-- Opening Marker --
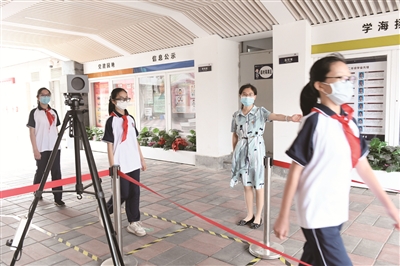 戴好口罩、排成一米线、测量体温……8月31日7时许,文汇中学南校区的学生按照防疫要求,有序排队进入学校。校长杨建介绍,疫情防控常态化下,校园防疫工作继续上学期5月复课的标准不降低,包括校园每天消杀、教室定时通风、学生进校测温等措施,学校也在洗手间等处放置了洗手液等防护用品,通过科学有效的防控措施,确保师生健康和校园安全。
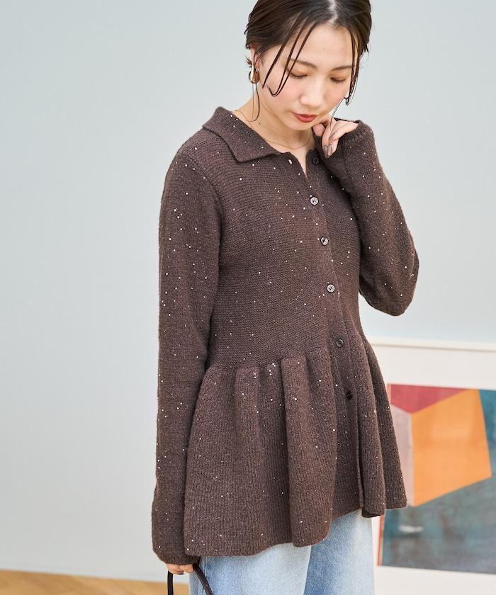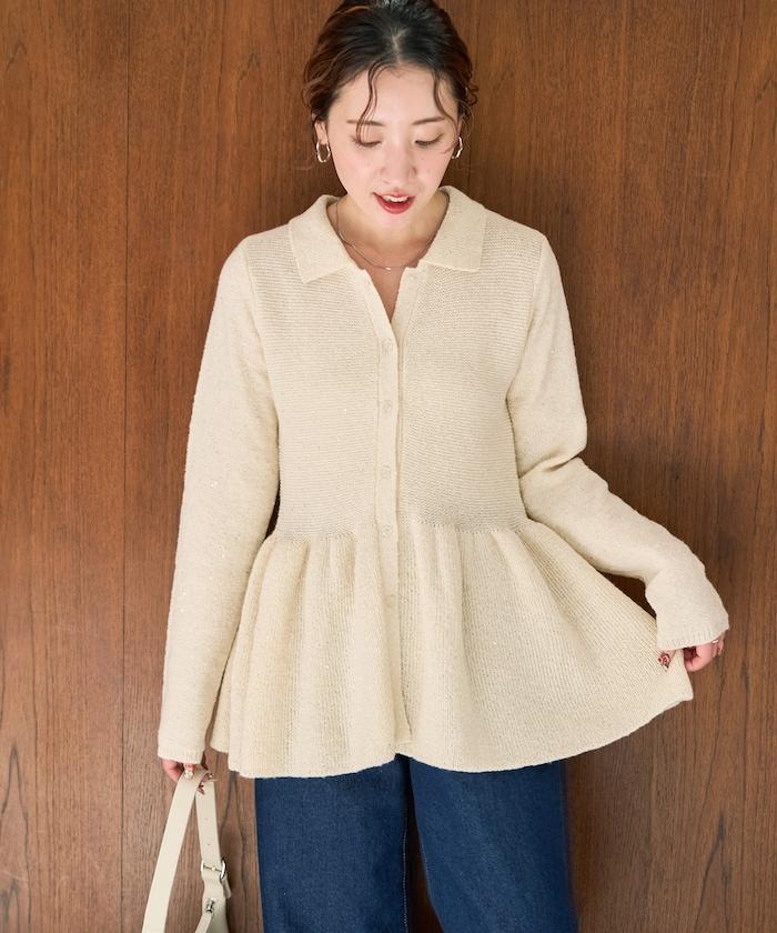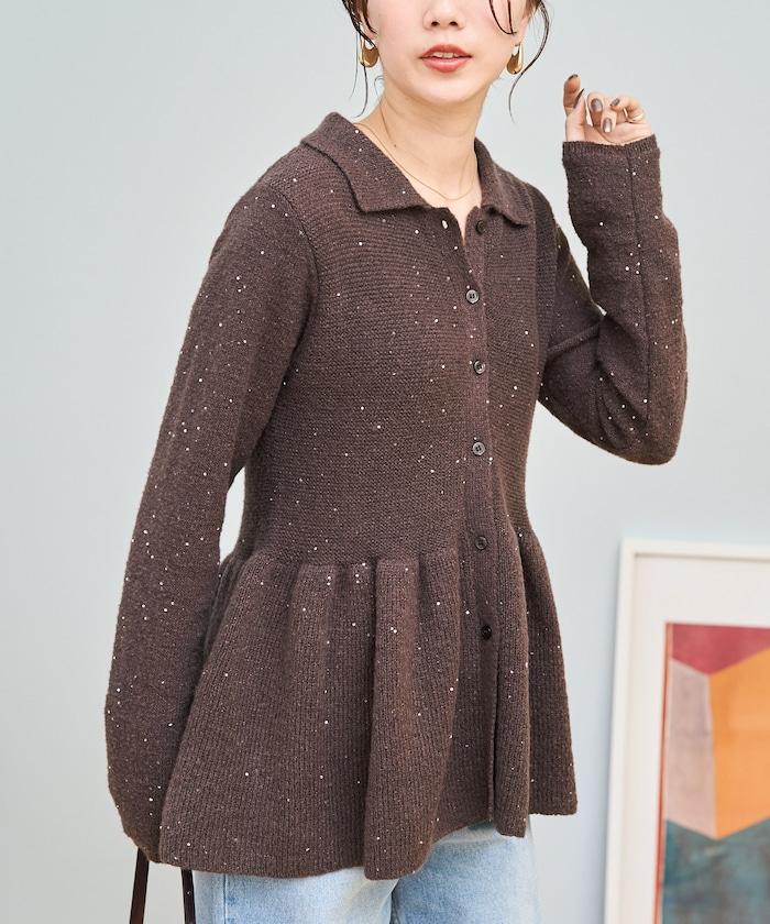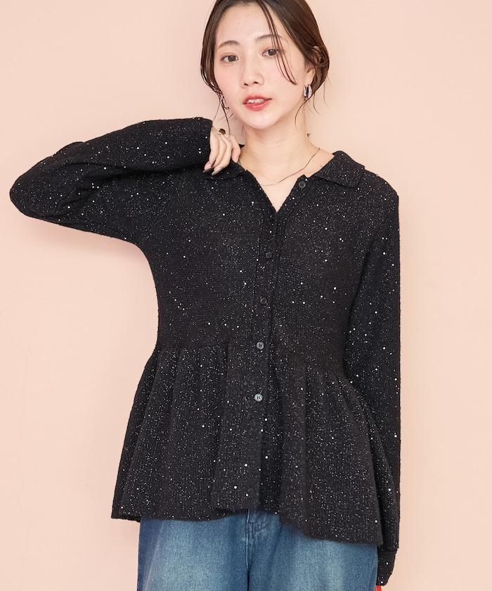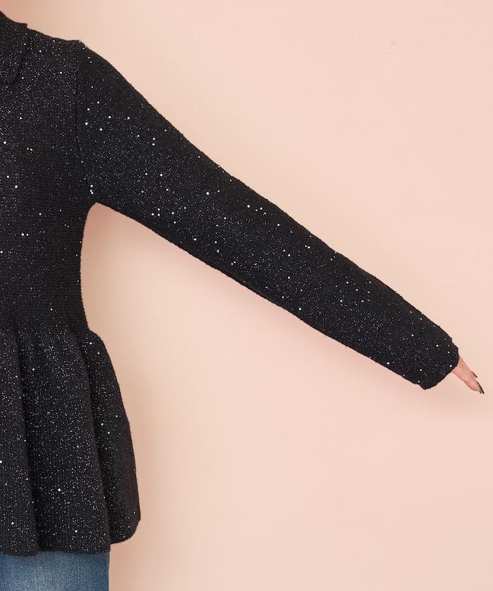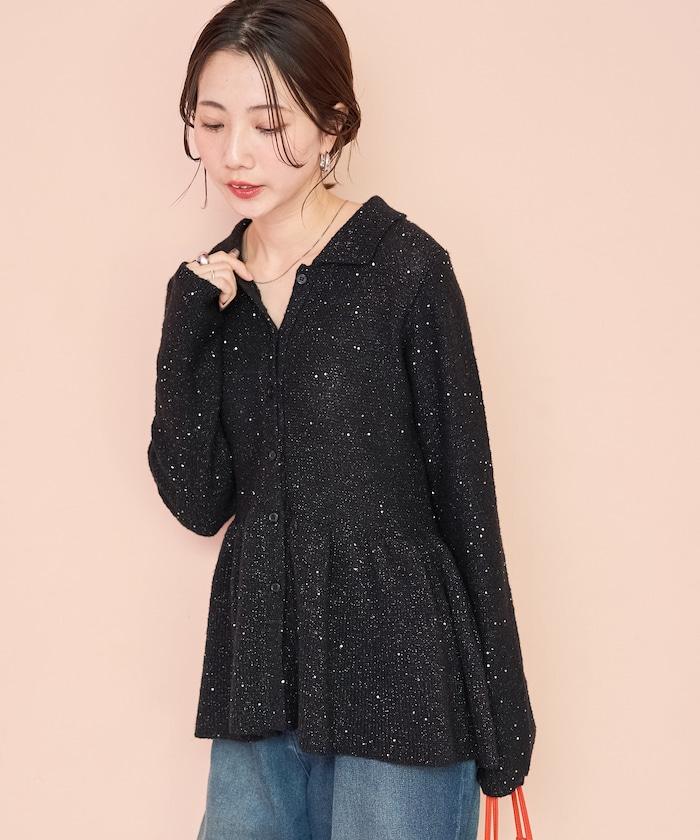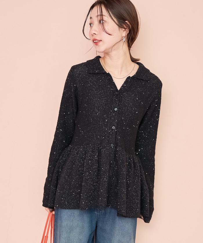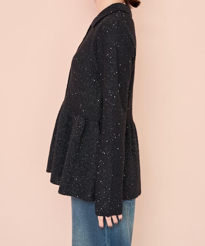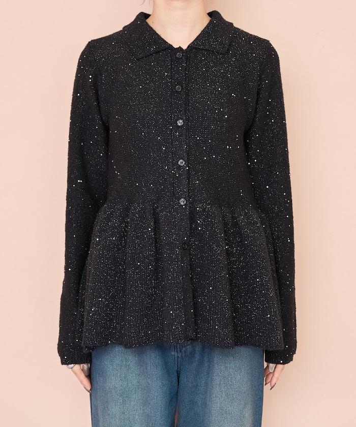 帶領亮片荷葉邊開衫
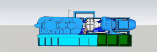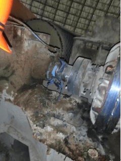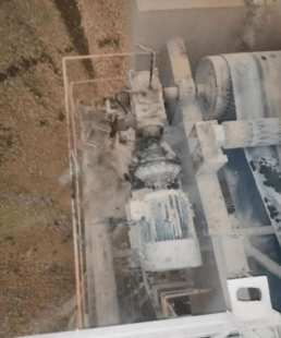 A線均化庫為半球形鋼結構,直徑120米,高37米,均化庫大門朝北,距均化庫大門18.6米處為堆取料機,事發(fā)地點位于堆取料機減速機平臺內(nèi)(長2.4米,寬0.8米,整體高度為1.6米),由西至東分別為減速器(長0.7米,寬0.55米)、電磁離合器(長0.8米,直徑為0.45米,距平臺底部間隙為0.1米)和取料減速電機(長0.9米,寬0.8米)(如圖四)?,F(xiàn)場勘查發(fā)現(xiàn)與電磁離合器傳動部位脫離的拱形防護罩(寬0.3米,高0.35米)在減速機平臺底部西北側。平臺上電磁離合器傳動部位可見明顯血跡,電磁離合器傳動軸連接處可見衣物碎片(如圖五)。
-- Closing Marker --
-- Opening Marker --
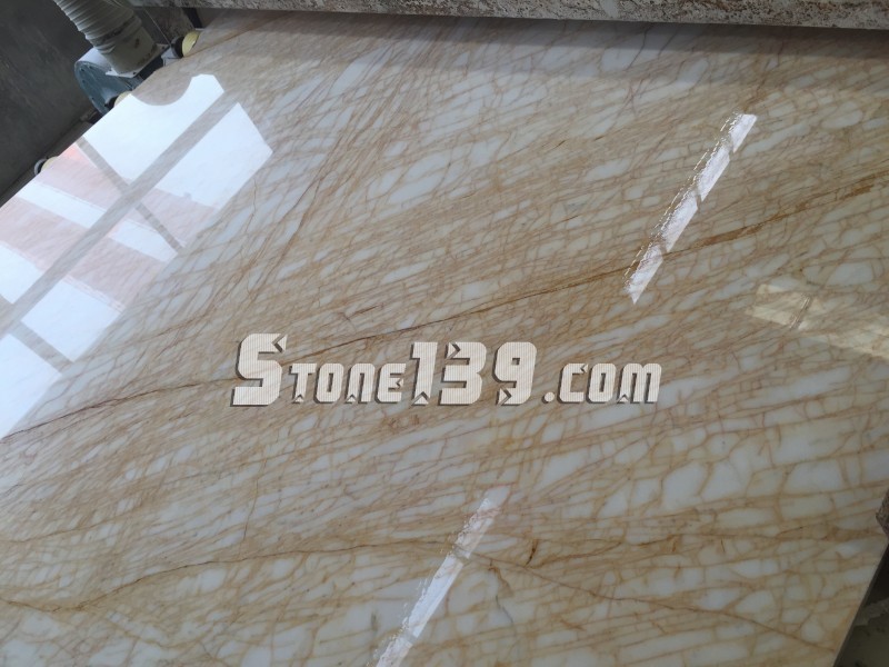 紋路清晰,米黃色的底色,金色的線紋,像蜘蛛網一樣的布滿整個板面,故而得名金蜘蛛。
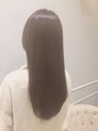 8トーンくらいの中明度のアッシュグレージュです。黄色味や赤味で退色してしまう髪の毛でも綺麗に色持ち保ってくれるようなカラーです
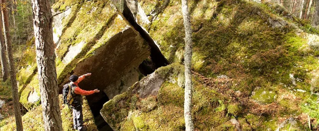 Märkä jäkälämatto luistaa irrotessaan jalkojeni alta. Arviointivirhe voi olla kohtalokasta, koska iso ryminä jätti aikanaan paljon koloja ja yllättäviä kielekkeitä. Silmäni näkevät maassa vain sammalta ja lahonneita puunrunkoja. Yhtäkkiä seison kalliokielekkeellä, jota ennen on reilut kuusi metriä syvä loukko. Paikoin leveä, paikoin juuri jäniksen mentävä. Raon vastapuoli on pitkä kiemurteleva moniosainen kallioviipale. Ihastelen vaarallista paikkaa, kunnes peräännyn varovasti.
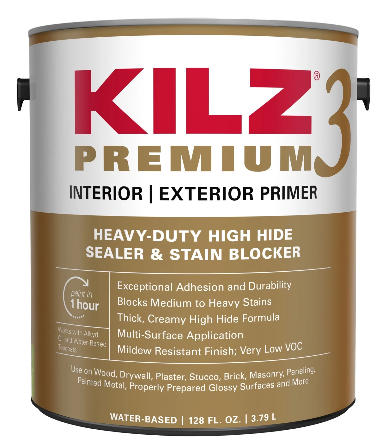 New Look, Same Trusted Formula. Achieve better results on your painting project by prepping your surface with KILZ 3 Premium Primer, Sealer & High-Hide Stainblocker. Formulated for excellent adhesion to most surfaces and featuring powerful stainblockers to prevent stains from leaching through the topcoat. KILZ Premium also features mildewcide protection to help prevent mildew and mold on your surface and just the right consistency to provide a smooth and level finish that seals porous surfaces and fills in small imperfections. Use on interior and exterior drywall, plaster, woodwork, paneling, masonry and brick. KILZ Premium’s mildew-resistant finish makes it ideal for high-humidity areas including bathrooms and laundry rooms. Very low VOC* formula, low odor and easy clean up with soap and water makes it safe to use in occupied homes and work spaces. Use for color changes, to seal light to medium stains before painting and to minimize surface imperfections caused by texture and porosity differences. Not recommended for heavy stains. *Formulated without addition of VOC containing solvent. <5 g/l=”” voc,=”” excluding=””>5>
-- Closing Marker --
• _Required work_
Starting at the line above that holds "戴好口罩、排成一米线、测量体", repeat every line exactly down to and including the line that holds "A線均化庫為半球形鋼結構,直", then stop. Do not carry over any pictures.

• _Answer below_
 戴好口罩、排成一米线、测量体温……8月31日7时许,文汇中学南校区的学生按照防疫要求,有序排队进入学校。校长杨建介绍,疫情防控常态化下,校园防疫工作继续上学期5月复课的标准不降低,包括校园每天消杀、教室定时通风、学生进校测温等措施,学校也在洗手间等处放置了洗手液等防护用品,通过科学有效的防控措施,确保师生健康和校园安全。
 帶領亮片荷葉邊開衫
 A線均化庫為半球形鋼結構,直徑120米,高37米,均化庫大門朝北,距均化庫大門18.6米處為堆取料機,事發(fā)地點位于堆取料機減速機平臺內(nèi)(長2.4米,寬0.8米,整體高度為1.6米),由西至東分別為減速器(長0.7米,寬0.55米)、電磁離合器(長0.8米,直徑為0.45米,距平臺底部間隙為0.1米)和取料減速電機(長0.9米,寬0.8米)(如圖四)?,F(xiàn)場勘查發(fā)現(xiàn)與電磁離合器傳動部位脫離的拱形防護罩(寬0.3米,高0.35米)在減速機平臺底部西北側。平臺上電磁離合器傳動部位可見明顯血跡,電磁離合器傳動軸連接處可見衣物碎片(如圖五)。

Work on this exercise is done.